# Help me with these two 40 inch options?



## dhruv_b (Nov 13, 2012)

Hi.

I was looking for a 40''inch no frills LED TV for my family. After visiting Croma I have narrowed down to two options.

*1. Sony EX430 Series BRAVIA Direct for Rs 54,500

vs 

2. Samsung EH5000 for Rs 49,900*


I have to pick one and both of them seem nice. *Which one should I choose ?*


----------



## a_medico (Nov 13, 2012)

Bravia anytime.


----------



## aroraanant (Nov 20, 2012)

EX430 is not so impressive, if you want sony then choose EX650 or above model.
Apart from that Samsung EH5000 is good for the price, but the price you have mentioned here is too high.
You can easily get it for 48k or may be less, all depends on how good you are at bargaining.


----------



## Jhamit (Nov 20, 2012)

aroraanant said:


> EX430 is not so impressive, if you want sony then choose EX650 or above model.
> Apart from that Samsung EH5000 is good for the price, but the price you have mentioned here is too high.
> You can easily get it for 48k or may be less, all depends on how good you are at bargaining.
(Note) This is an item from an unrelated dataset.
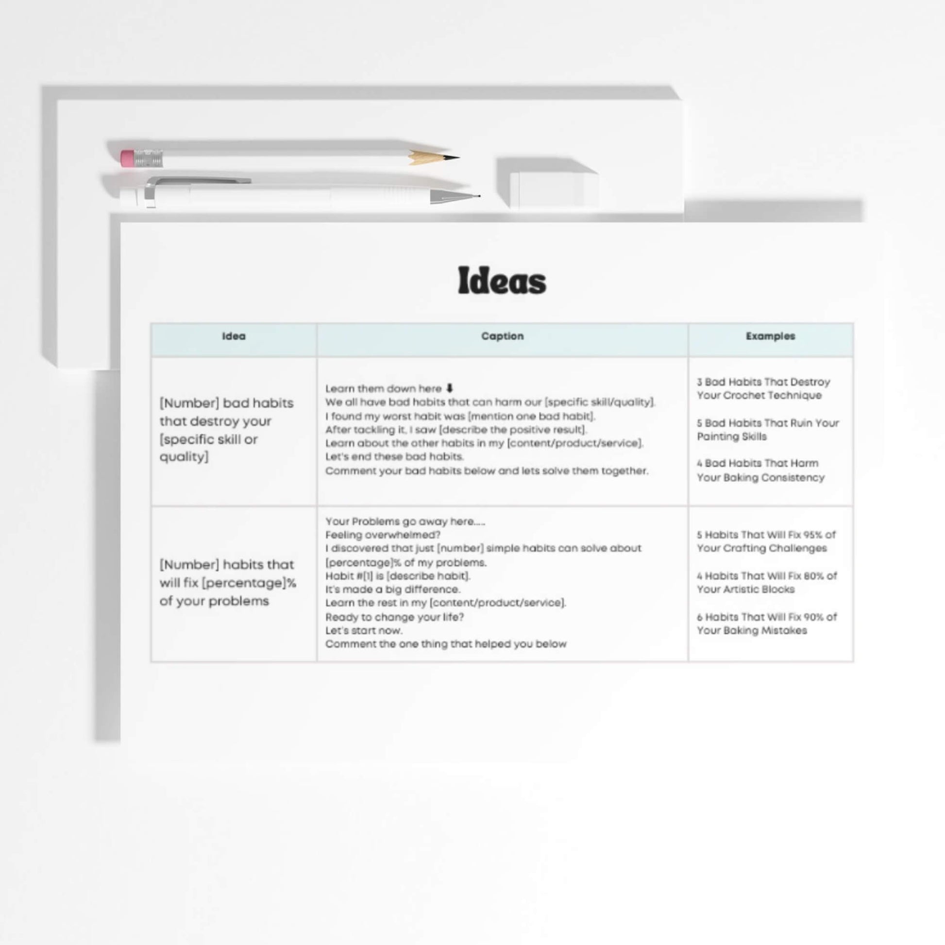 ✔︎Chaque idée est accompagnée d'un produit écrit/d'un exemple créatif& certains ont un lien vers une vidéo et une publication IG. Astuce : utilisez l'audio de la vidéo dans l'exemple.

I would agree, I have checked EX430 and it has nothing special. The speakers are of 5W x 2 even with the 40" model. Whereas most of the TVs whether 32" or 40/42" have 10W x 2 speakers. I have seen EX550 and EX650 and they are better with X-Reality Engine as compared to Plain Bravia on EX430 and also better motion rate


----------



## Minion (Nov 21, 2012)

get sony EX650.


----------